Extracted entries:
· · · · ·
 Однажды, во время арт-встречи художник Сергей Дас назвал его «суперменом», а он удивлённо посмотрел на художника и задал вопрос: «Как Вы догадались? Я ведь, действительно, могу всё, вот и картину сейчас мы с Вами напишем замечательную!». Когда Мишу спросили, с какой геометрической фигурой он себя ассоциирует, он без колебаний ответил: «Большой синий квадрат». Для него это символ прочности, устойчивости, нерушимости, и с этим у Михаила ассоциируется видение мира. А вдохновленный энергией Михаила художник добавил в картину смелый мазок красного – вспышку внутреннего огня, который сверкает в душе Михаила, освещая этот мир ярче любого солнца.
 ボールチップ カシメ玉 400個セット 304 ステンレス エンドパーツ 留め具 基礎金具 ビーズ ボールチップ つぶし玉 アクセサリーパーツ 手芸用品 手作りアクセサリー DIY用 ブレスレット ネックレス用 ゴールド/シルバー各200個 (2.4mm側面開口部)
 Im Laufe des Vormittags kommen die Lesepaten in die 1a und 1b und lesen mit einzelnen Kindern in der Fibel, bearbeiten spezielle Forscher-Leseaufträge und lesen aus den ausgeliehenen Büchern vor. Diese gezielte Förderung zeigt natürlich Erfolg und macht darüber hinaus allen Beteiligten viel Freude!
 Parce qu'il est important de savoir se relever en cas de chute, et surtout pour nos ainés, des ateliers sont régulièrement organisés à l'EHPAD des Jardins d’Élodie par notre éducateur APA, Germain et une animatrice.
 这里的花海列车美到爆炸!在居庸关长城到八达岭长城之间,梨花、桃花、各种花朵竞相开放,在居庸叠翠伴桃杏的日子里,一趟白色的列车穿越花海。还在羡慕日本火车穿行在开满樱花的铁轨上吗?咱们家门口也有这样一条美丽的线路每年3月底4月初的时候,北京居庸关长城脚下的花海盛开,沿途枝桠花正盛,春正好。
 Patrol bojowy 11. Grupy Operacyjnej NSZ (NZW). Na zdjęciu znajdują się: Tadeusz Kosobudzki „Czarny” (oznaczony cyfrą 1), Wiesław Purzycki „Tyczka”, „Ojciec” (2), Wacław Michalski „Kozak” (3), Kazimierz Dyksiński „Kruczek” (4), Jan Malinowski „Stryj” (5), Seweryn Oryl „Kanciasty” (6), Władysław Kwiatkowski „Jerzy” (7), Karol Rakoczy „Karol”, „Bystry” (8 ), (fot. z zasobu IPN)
· · · · ·
Task description:
Return every record in full, word for word.

The answer:
 Однажды, во время арт-встречи художник Сергей Дас назвал его «суперменом», а он удивлённо посмотрел на художника и задал вопрос: «Как Вы догадались? Я ведь, действительно, могу всё, вот и картину сейчас мы с Вами напишем замечательную!». Когда Мишу спросили, с какой геометрической фигурой он себя ассоциирует, он без колебаний ответил: «Большой синий квадрат». Для него это символ прочности, устойчивости, нерушимости, и с этим у Михаила ассоциируется видение мира. А вдохновленный энергией Михаила художник добавил в картину смелый мазок красного – вспышку внутреннего огня, который сверкает в душе Михаила, освещая этот мир ярче любого солнца.
 ボールチップ カシメ玉 400個セット 304 ステンレス エンドパーツ 留め具 基礎金具 ビーズ ボールチップ つぶし玉 アクセサリーパーツ 手芸用品 手作りアクセサリー DIY用 ブレスレット ネックレス用 ゴールド/シルバー各200個 (2.4mm側面開口部)
 Im Laufe des Vormittags kommen die Lesepaten in die 1a und 1b und lesen mit einzelnen Kindern in der Fibel, bearbeiten spezielle Forscher-Leseaufträge und lesen aus den ausgeliehenen Büchern vor. Diese gezielte Förderung zeigt natürlich Erfolg und macht darüber hinaus allen Beteiligten viel Freude!
 Parce qu'il est important de savoir se relever en cas de chute, et surtout pour nos ainés, des ateliers sont régulièrement organisés à l'EHPAD des Jardins d’Élodie par notre éducateur APA, Germain et une animatrice.
 这里的花海列车美到爆炸!在居庸关长城到八达岭长城之间,梨花、桃花、各种花朵竞相开放,在居庸叠翠伴桃杏的日子里,一趟白色的列车穿越花海。还在羡慕日本火车穿行在开满樱花的铁轨上吗?咱们家门口也有这样一条美丽的线路每年3月底4月初的时候,北京居庸关长城脚下的花海盛开,沿途枝桠花正盛,春正好。
 Patrol bojowy 11. Grupy Operacyjnej NSZ (NZW). Na zdjęciu znajdują się: Tadeusz Kosobudzki „Czarny” (oznaczony cyfrą 1), Wiesław Purzycki „Tyczka”, „Ojciec” (2), Wacław Michalski „Kozak” (3), Kazimierz Dyksiński „Kruczek” (4), Jan Malinowski „Stryj” (5), Seweryn Oryl „Kanciasty” (6), Władysław Kwiatkowski „Jerzy” (7), Karol Rakoczy „Karol”, „Bystry” (8 ), (fot. z zasobu IPN)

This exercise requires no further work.